[Tutor] extracting phrases and their memberships from syntax

Fri Feb 13 16:20:28 CET 2009

Pyparsing has a built-in helper called nestedExpr that fits neatly in with
this data.  Here is the whole script:

from pyparsing import nestedExpr

syntax_tree = nestedExpr()
results = syntax_tree.parseString(st_data)

from pprint import pprint
pprint(results.asList())

Prints:

[[['S',
   ['NP-SBJ-1',
    ['NP', ['NNP', 'Rudolph'], ['NNP', 'Agnew']],
    [',', ','],
    ['UCP',
     ['ADJP', ['NP', ['CD', '55'], ['NNS', 'years']], ['JJ', 'old']],
     ['CC', 'and'],
     ['NP',
      ['NP', ['JJ', 'former'], ['NN', 'chairman']],
      ['PP',
       ['IN', 'of'],
       ['NP',
        ['NNP', 'Consolidated'],
        ['NNP', 'Gold'],
        ['NNP', 'Fields'],
        ['NNP', 'PLC']]]]],
    [',', ',']],
   ['VP',
    ['VBD', 'was'],
    ['VP',
     ['VBN', 'named'],
     ['S',
      ['NP-SBJ', ['-NONE-', '*-1']],
      ['NP-PRD',
       ['NP', ['DT', 'a'], ['JJ', 'nonexecutive'], ['NN', 'director']],
       ['PP',
        ['IN', 'of'],
        ['NP',
         ['DT', 'this'],
         ['JJ', 'British'],
         ['JJ', 'industrial'],
         ['NN', 'conglomerate']]]]]]],
   ['.', '.']]]]

If you want to delve deeper into this, you could, since the content of the
() groups is so regular.  You in essence reconstruct nestedExpr in your own
code, but you do get some increased control and visibility to the parsed
content.

Since this is a recursive syntax, you will need to use pyparsing's mechanism
for recursion, which is the Forward class.  Forward is sort of a "I can't
define the whole thing yet, just create a placeholder" placeholder.

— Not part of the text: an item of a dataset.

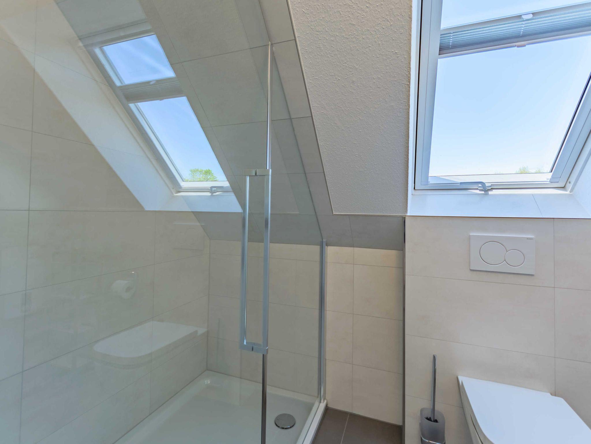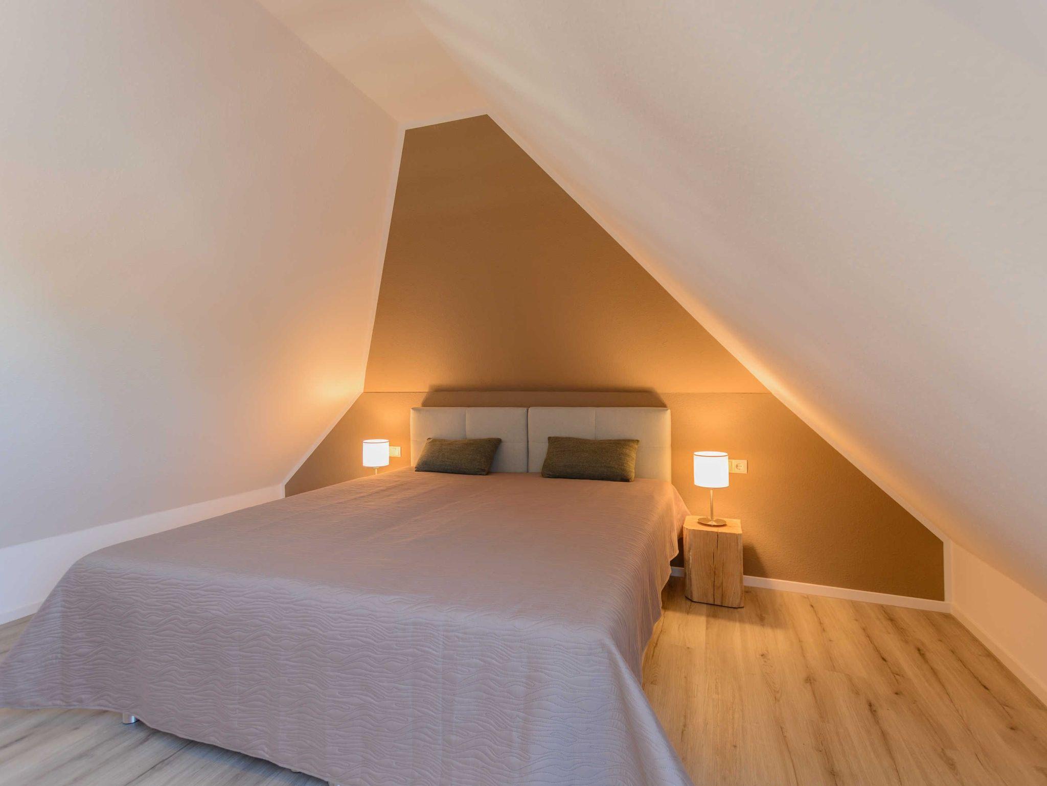 Die Nichtraucherferienwohnung befindet sich in der 1. Etage und erstreckt sich über 2 Etagen. Mit Ihren ca. 75 qm können sich max. 6 Erwachsene wohlfühlen. Der großzügige und helle Wohn- Essbereich ist mit einer modernen Küchenzeile ausgestattet. Mit einem Kühlschrank mit Eisfach, Geschirrspüler, Cerankochfeld, Backofen, Mikrowelle, Wasserkocher, Kaffeemaschine, Toaster, Mixer, Waffeleisen können Sie Ihre gemütlichen Kochabende ganz individuell gestalten. Ein passender Essbereich rundet die Gemütlichkeit ab. Im angrenzenden Wohnbereich trägt eine bequeme Couch (Aufbettungsmöglichkeit für 5./6.Person, 1,50m x 1,95m) mit Couchtisch, ein Lesesessel mit Hocker sowie ein TV-Board zu Ihrer Entspannung bei. Die technische Ausstattung umfasst einen Smart-TV, ein DAB-Bluetooth-Radio sowie einen WLAN-Anschluss. Vom Wohnbereich gelangen Sie auf Ihren bestuhlten Balkon (Süd) mit Sonnenschirm, von wo Sie aus Ihren Tag entspannt bei einem Glas Wein ausklingen lassen können. Hell und freundlich eingerichtet erwartet Sie ein gemütliches Schlafzimmer auf gleicher Ebene, mit einem komfortablen Boxspring-Bett (1,80m x 2,00m) mit 5 Zonen Tonnen-Taschenfederkern-Matratzen, Nachttischablagen, einen großzügigen Kleiderschrank sowie ein Smart-TV. Das 2. Schlafzimmer erreichen Sie durch eine Treppe, welche vom Wohnbereich aus startet. Hier befindet sich ebenfalls ein bequemes Boxspringbett (1,80m x 2,00m) mit Nachttischablagen sowie einer kleinen Leseecke oder Relax-Ecke. Beide Schlafbereiche verfügen zudem über Vorhänge/Rollos, die nahezu lichtundurchlässig sind und einen guten Sicht- und Sonnenschutz bieten. Für einen angenehmen Schlaf sorgen zusätzlich Insektenschutzgitter im Wohn- & Schlafbereich. Das Tageslicht-Badezimmer ist mit einer ebenerdigen Dusche, einem WC, einen Handtuchtrockner, einem Fön sowie einem Waschtisch ausgestattet. In der Wohnung finden Sie zusätzlich ein Staubsauger, ein Besen mit Kehrset, ein Wäscheständer sowie ein Wäschekorb. Im Nachbarhaus C können Sie eine Waschmaschine sowie einen Trockner gegen Gebühr nutzen. Hier stehen auch ein Bügelbrett und ein Bügeleisen zur Verfügung. Haustiere sind nicht erlaubt. Das Grillen auf dem ausgewiesenen Gemeinschaftsplatz lädt zu gemütlichen Abenden ein. Zur Entspannung lädt eine münzbetriebene Sauna mit kleinem Ruheraum im Untergeschoss von Haus B ein. Ihre Fahrräder können Sie begrenzt im Gemeinschaftskeller oder auf dem Grundstück abstellen. Ein PKW-Stellplatz steht Ihnen inklusive zur Verfügung. Die Erstausstattung eines Wäschepaketes (komplette Bettwäsche, 1 Duschhandtuch, 2 kleine Handtücher) können Sie bis 14 Tage vor Anreise gegen einen Aufpreis dazu buchen oder durch eigene ergänzen. Ab 2 gebuchten Paketen erhalten Sie einmalig 1 Geschirrhandtuch und 1 Duschvorleger hinzu.

syntax_element = Forward()
LPAR,RPAR = map(Suppress,"()")
syntax_tree = LPAR + syntax_element + RPAR

Now in your example, a syntax_element can be one of 4 things:
- a punctuation mark, twice
- a syntax marker followed by one or more syntax_trees
- a syntax marker followed by a word
- a syntax tree

Here is how I define those:

marker = oneOf("VBD ADJP VBN JJ DT PP NN UCP NP-PRD "
                "NP NNS NNP CC NP-SBJ-1 CD VP -NONE- "
                "IN NP-SBJ S")
punc = oneOf(", . ! ?")

wordchars = printables.replace("(","").replace(")","")

syntax_element << (
    punc + punc | 
    marker + OneOrMore(Group(syntax_tree)) | 
    marker + Word(wordchars) |
    syntax_tree )

Note that we use '<<' operator to "inject" the definition of a
syntax_element - we can't use '=' or we would get a different expression
than the one we used to define syntax_tree.

Now parse the string, and voila!  Same as before.

Here is the entire script:

from pyparsing import nestedExpr, Suppress, oneOf, Forward, OneOrMore, Word,
printables, Group

syntax_element = Forward()
LPAR,RPAR = map(Suppress,"()")
syntax_tree = LPAR + syntax_element + RPAR

marker = oneOf("VBD ADJP VBN JJ DT PP NN UCP NP-PRD "
                "NP NNS NNP CC NP-SBJ-1 CD VP -NONE- "
                "IN NP-SBJ S")
punc = oneOf(", . ! ?")

wordchars = printables.replace("(","").replace(")","")

syntax_element << (
    punc + punc | 
    marker + OneOrMore(Group(syntax_tree)) | 
    marker + Word(wordchars) |
    syntax_tree )

results = syntax_tree.parseString(st_data)
from pprint import pprint
pprint(results.asList())

-- Paul